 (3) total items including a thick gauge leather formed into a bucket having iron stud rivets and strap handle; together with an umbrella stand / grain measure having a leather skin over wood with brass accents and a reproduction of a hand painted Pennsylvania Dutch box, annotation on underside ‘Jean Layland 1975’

============

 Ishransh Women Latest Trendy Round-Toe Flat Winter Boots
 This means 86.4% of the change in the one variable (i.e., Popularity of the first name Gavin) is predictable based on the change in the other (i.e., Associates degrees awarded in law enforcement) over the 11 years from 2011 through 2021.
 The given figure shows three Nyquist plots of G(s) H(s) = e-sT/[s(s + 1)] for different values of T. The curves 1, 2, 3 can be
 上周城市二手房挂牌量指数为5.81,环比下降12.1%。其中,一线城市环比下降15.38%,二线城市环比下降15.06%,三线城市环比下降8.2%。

============

## ACTIVITY
Each line of the material above that holds "over" counts once; give the total and nothing else.

## ANSWER FOR THE TASK
2